Wystąpienie do Ministra Sprawiedliwości w sprawie przewlekłości postępowań sądowych.
Rzecznik Praw Obywatelskich zwrócił się do Ministra Sprawiedliwości-Prokuratora Generalnego o przekazanie informacji na temat prac nad nowelizacją ustawy o skardze na naruszenie prawa strony do rozpoznania sprawy w postępowaniu przygotowawczym prowadzonym lub nadzorowanym przez prokuratora i postępowaniu sądowym bez nieuzasadnionej zwłoki. Rzecznik zainteresowany jest także działaniami podejmowanymi w celu wdrożenia zaleceń Europejskiego Trybunału Praw Człowieka oraz Komitetu Ministrów Rady Europy dotyczących przewlekłości postępowań sądowych.
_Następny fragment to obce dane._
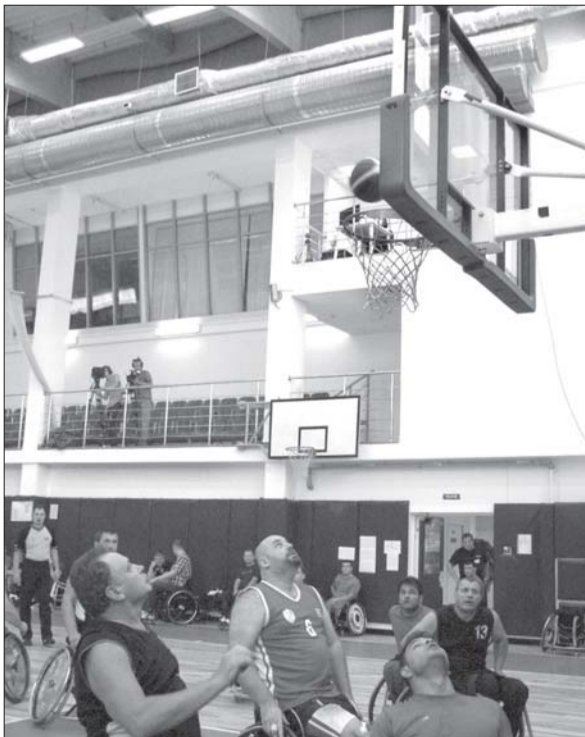
Опасный момент у кольца команды «Turkish Wolves».

– Команда перемещается по России в основном на самолёте, и в Петербург мы прибыли самолётом. Благодаря Паралимпийским играм в Сочи, сейчас службы в аэропортах работают на хоро-

Europejski Trybunał Praw Człowieka w sprawie Rutkowski i inni przeciwko Polsce stwierdził naruszenie prawa do rozpoznania sprawy w rozsądnym terminie oraz prawa do skutecznego środka odwoławczego. Polskie sądy nie zastosowały bowiem orzecznictwa Europejskiego Trybunału Praw Człowieka dotyczącego oceny rozsądnego czasu trwania postępowania, a także „właściwego i wystarczającego zadośćuczynienia” za naruszenie prawa do rozpatrzenia sprawy w rozsądnym terminie.
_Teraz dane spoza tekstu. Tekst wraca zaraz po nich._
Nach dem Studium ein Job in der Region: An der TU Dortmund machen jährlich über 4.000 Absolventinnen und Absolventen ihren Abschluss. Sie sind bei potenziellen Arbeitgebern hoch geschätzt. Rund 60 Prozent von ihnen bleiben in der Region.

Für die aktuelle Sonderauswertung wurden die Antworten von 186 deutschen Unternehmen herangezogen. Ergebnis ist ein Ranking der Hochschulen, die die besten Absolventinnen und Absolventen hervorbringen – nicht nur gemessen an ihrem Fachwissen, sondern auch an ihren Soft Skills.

Obowiązująca ustawa z 17 czerwca 2004 r. o skardze na naruszenie prawa strony do rozpoznania sprawy w postępowaniu przygotowawczym prowadzonym lub nadzorowanym przez prokuratora i postępowaniu sądowym bez nieuzasadnionej zwłoki – w ocenie Trybunału - nie gwarantuje wystarczającej ochrony.
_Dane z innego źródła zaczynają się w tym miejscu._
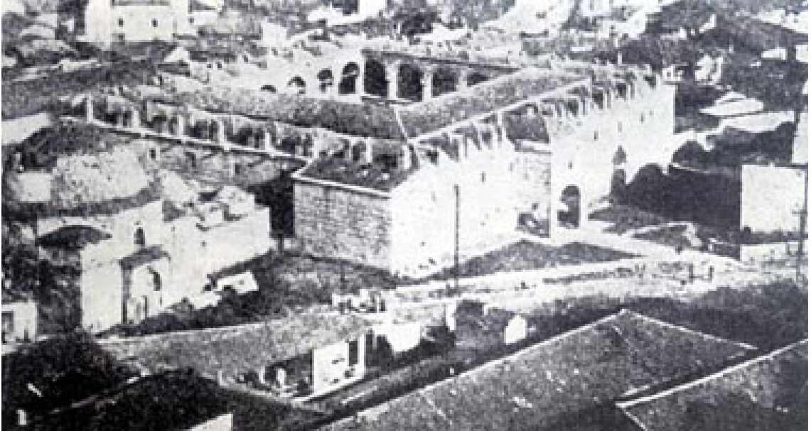
Resim 2. Kurşunlu Han ve Şengül Hamamı (Eski Hali)

Przede wszystkim sądy oceniając przewlekłość badały jedynie aktualny stan postępowania, nie uwzględniając toku postępowań we wcześniejszej instancji. Sądy nie badały całej długości postępowań zgodnie z wymogiem „rozsądnego terminu”, co prowadziło do tzw. „fragmentaryzacji” postępowań. Kwestię tę rozstrzygnął Sąd Najwyższy w uchwale z dnia 28 marca 2013 r. (sygn. akt III SPZP 1/13) stwierdzając, że ocenie sądowej podlega całość postępowania, od jego wszczęcia do prawomocnego zakończenia. Trudno jednak stwierdzić, czy to stanowisko jest jednolicie realizowane przez sądy powszechne. Do Trybunału w Strasburgu wpływały bowiem skargi, w których pomijany był pogląd wyrażony w uchwale Sądu Najwyższego.
Kolejną kwestią, na którą zwrócił uwagę Europejski Trybunał Praw Człowieka są zbyt niskie sumy pieniężne przyznawane z tytułu przewlekłości postępowań. Jest to problem systemowy. W sprawach badanych przez Trybunał kwoty przyznawane przez sądy krajowe w związku z naruszeniem prawa do rozpoznania sprawy w rozsądnym terminie stanowiły od 7% do 25% wartości kwoty przyznawanej zwykle w tego typu sprawach przez Trybunał.
Europejski Trybunał Praw Człowieka nie wskazał przy tym żadnych konkretnych działań, jakie Polska powinna podjąć, aby uwzględnić w przyjmowanych rozwiązaniach prawnych standardy wynikające z orzecznictwa Trybunału. Kwestie te pozostawił Komitetowi Rady Ministrów Rady Europy.